The worker uses a buffered channel of size count as a semaphore. A call to Worker.Schedule acquires one slot before starting work and releases it when the work completes.
If count is 0, scheduling will always block until the provided context times out or is canceled (because the semaphore has no capacity).
The zero value of Worker is not ready for use; construct one with NewWorker.
func (*Worker) Schedule ¶
Schedule attempts to schedule hook.OnRun to run asynchronously, subject to the worker's concurrency limit.
Schedule blocks until one of the following occurs:
- A concurrency slot is acquired before the deadline: Schedule starts OnRun in a goroutine and returns nil.
- The derived timeout context is done first: Schedule returns context.Cause from that derived context.

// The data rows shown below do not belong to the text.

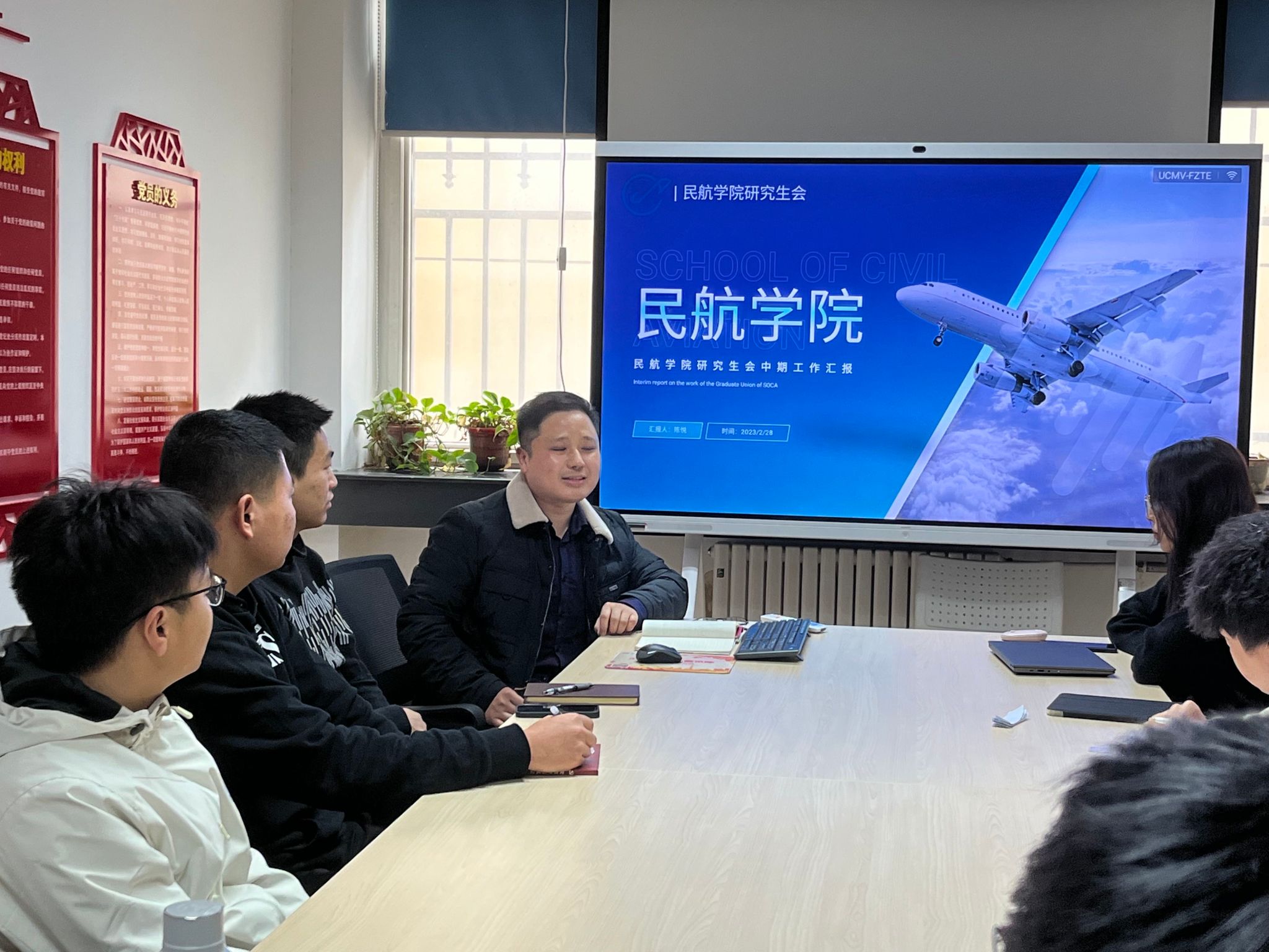 接着,各部门负责人结合部门工作进行汇报,主席团成员陈悦、杨翰明和姜越凡对各部门工作进行了点评和总结,上学期的“民航杯”、新生破冰活动和寝室文化建设活动在全体成员的合作下圆满完成。上学期防疫管理期间,研会各部门的同学都为维护校园稳定管理和学生安全方面尽了一份力。同时,主席团针对当前工作中的不足之处,提出了改进措施。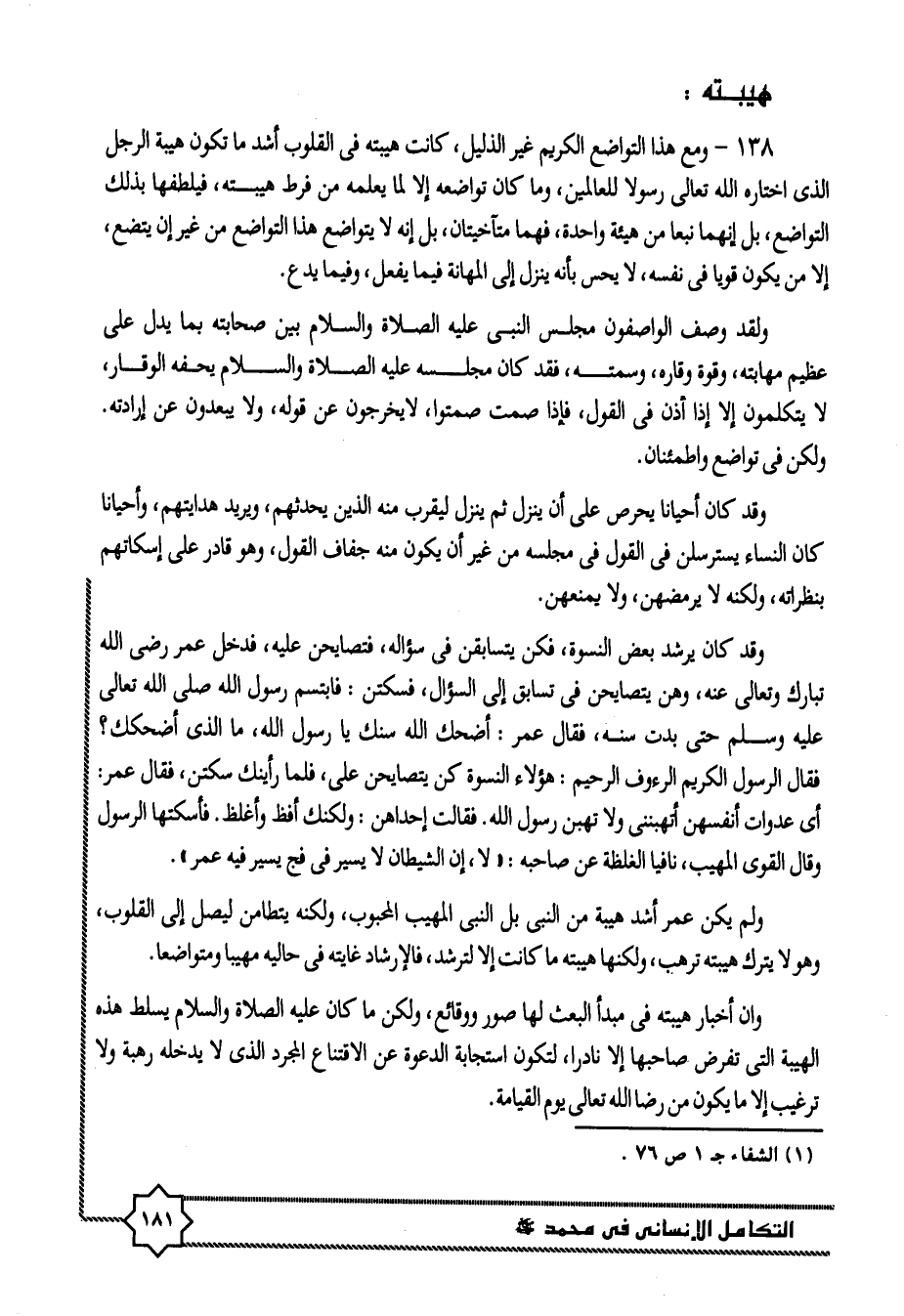 (1) الشفاء ج 1 ص 76.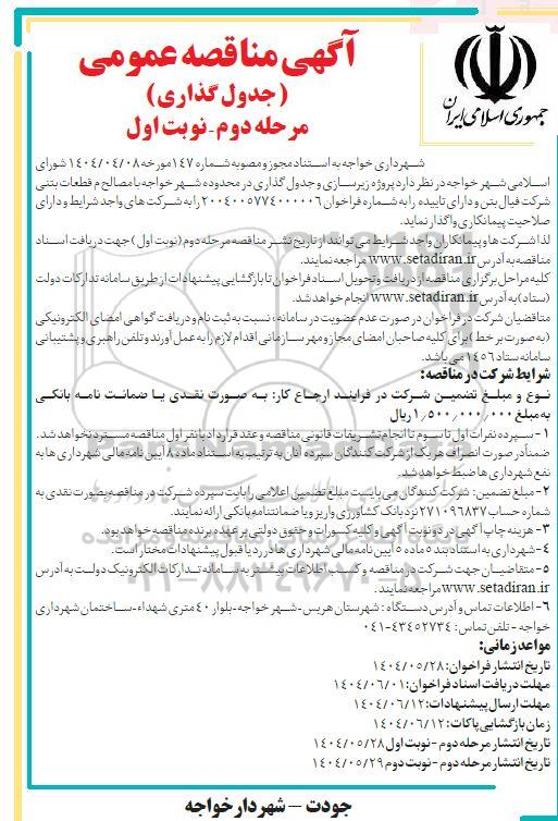 شهرداری خواجه به استناد مجوز و مصوبه شماره 147 مورخه 1404.4.8 شورای اسلامی شهر خواجه در نظر دارد پروژه زیرسازی و جدول گذاری در محدوده شهر خواجه با مصالح م قطعات بتنی شرکت فیال بتن و دارای تاییده را به شماره فراخوان 2004005774000006 را به شرکت های واجد شرایط و دارای صلاحیت پیمانکاری واگذار نماید.

The context passed to OnRun is a derived context created by context.WithTimeoutCause using the provided timeout. The timeout budget starts when Schedule is called, so time spent waiting for a concurrency slot and time spent running OnRun share the same deadline. This context is also passed to hook.OnError (via hook.Error) if OnRun returns a non-nil error. If OnRun ignores that context and continues running after the deadline, the goroutine may outlive the caller of Schedule until the handler eventually returns.
Error handling semantics:
- If hook.OnRun is nil, Schedule returns ErrNoOnRunProvided.
- If the input context is already done on entry, Schedule returns its cancellation cause without scheduling OnRun.
- If timeout <= 0, Schedule returns ErrTimeout without scheduling OnRun.
- Errors returned from OnRun are routed to hook.OnError (if set) and are not returned from Schedule. Schedule only reports errors related to scheduling (timeout/cancellation before a slot is acquired).
- Once a handler has been scheduled successfully, Schedule returns nil even if the derived context later expires while the handler is still running.
To wait for all scheduled handlers to complete, call Worker.Wait.
func (*Worker) Wait ¶
func (w *Worker) Wait()
Wait blocks until all handlers that have been successfully scheduled have completed.
It does not cancel running handlers. Cancellation is controlled by the contexts provided to Worker.Schedule and observed by the handlers themselves. Wait can be called multiple times; each call waits for the currently scheduled work to finish.